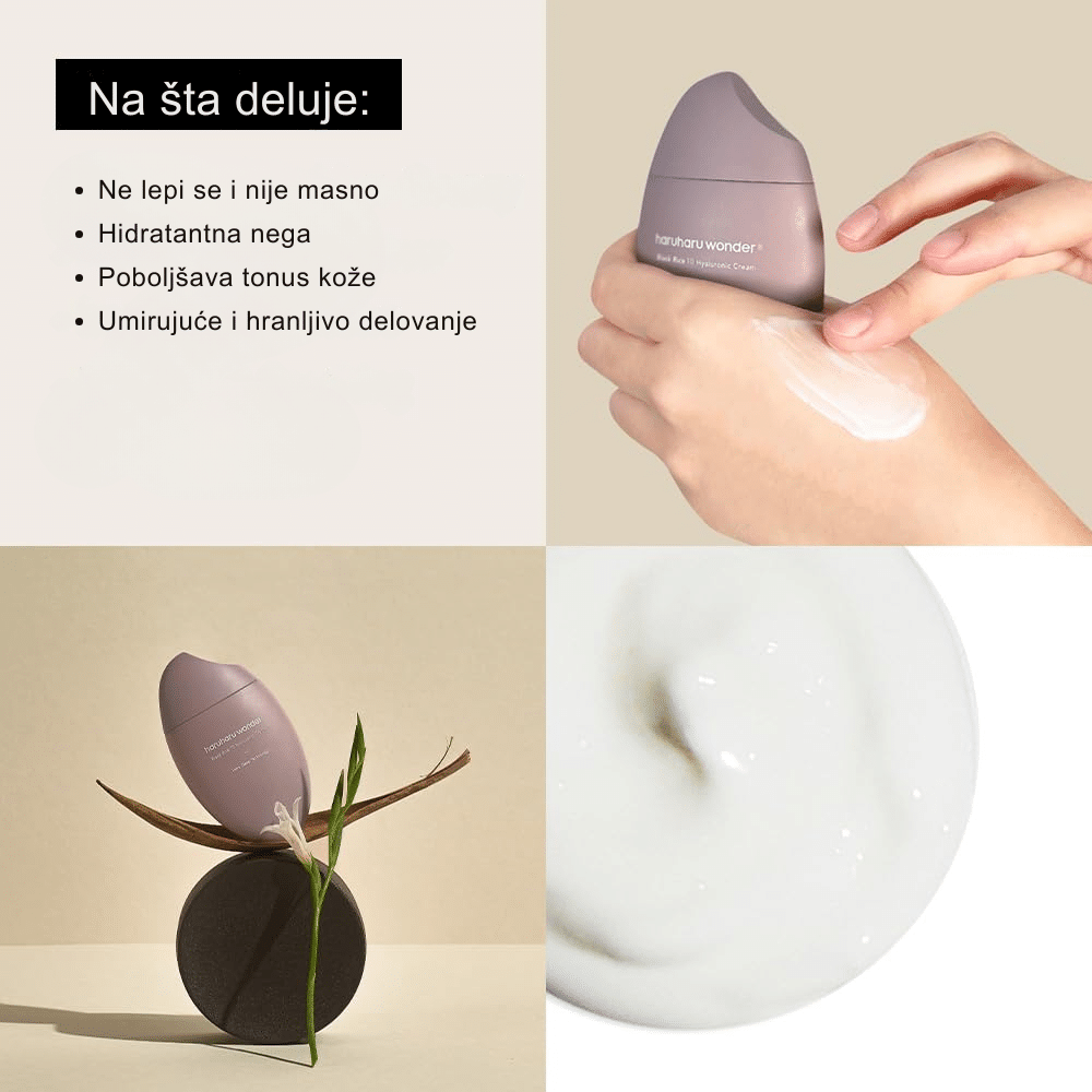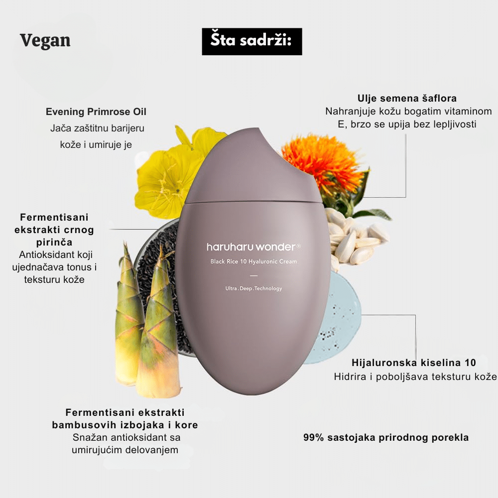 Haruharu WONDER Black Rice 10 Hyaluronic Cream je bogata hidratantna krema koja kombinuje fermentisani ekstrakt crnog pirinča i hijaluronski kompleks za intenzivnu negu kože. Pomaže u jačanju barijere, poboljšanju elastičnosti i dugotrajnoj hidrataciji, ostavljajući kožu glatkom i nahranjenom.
...
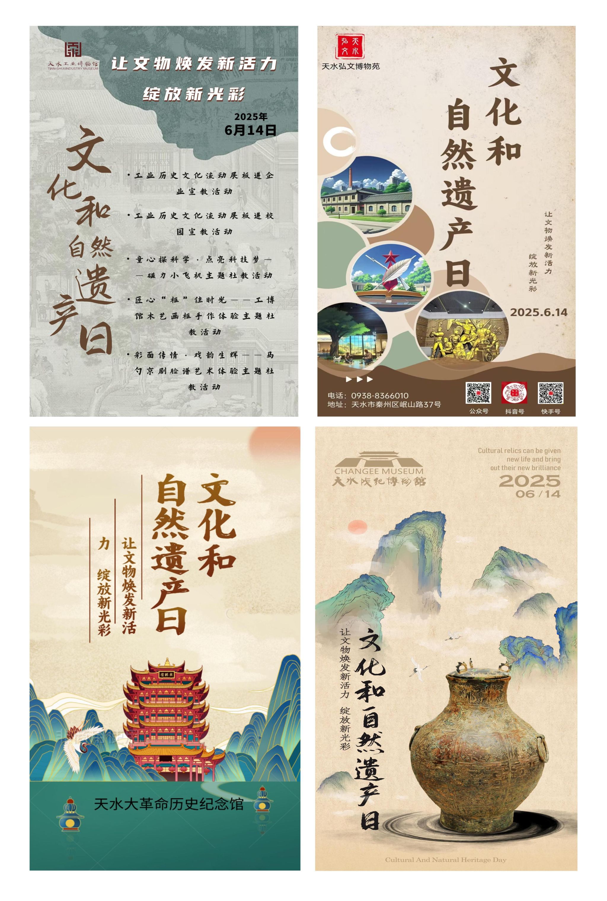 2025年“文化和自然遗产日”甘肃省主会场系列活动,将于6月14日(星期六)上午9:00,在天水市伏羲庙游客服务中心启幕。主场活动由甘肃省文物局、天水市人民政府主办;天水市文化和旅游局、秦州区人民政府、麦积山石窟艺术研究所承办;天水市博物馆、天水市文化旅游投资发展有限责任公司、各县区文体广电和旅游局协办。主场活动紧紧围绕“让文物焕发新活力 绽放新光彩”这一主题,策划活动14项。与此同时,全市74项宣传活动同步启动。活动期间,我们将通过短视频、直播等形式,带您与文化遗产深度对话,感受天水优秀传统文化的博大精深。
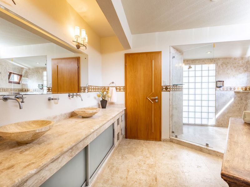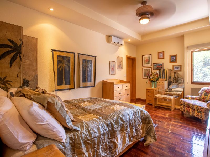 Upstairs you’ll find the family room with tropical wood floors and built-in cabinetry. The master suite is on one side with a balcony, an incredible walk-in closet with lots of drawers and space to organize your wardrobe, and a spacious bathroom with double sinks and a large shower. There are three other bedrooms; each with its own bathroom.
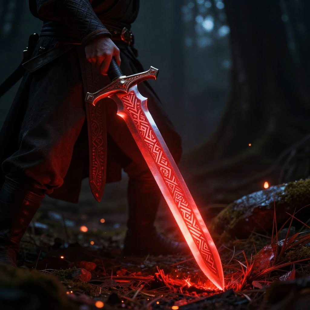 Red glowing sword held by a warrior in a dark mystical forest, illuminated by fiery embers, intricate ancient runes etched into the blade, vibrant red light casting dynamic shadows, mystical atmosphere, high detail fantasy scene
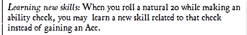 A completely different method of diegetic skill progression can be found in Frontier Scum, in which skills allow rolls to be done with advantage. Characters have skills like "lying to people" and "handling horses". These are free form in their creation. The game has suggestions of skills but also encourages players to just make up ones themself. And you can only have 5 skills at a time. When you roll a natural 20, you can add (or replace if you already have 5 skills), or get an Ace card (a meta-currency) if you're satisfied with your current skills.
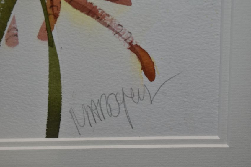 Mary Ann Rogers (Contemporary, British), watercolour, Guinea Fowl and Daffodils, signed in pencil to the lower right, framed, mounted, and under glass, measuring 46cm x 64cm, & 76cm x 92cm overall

* _ASSIGNMENT_
Starting at the line above that holds "Upstairs you’ll find", return each line up to and including the one that holds "Red glowing sword", exactly as written, minus any pictures.

* _ANSWER BOX_
 Upstairs you’ll find the family room with tropical wood floors and built-in cabinetry. The master suite is on one side with a balcony, an incredible walk-in closet with lots of drawers and space to organize your wardrobe, and a spacious bathroom with double sinks and a large shower. There are three other bedrooms; each with its own bathroom.
 Red glowing sword held by a warrior in a dark mystical forest, illuminated by fiery embers, intricate ancient runes etched into the blade, vibrant red light casting dynamic shadows, mystical atmosphere, high detail fantasy scene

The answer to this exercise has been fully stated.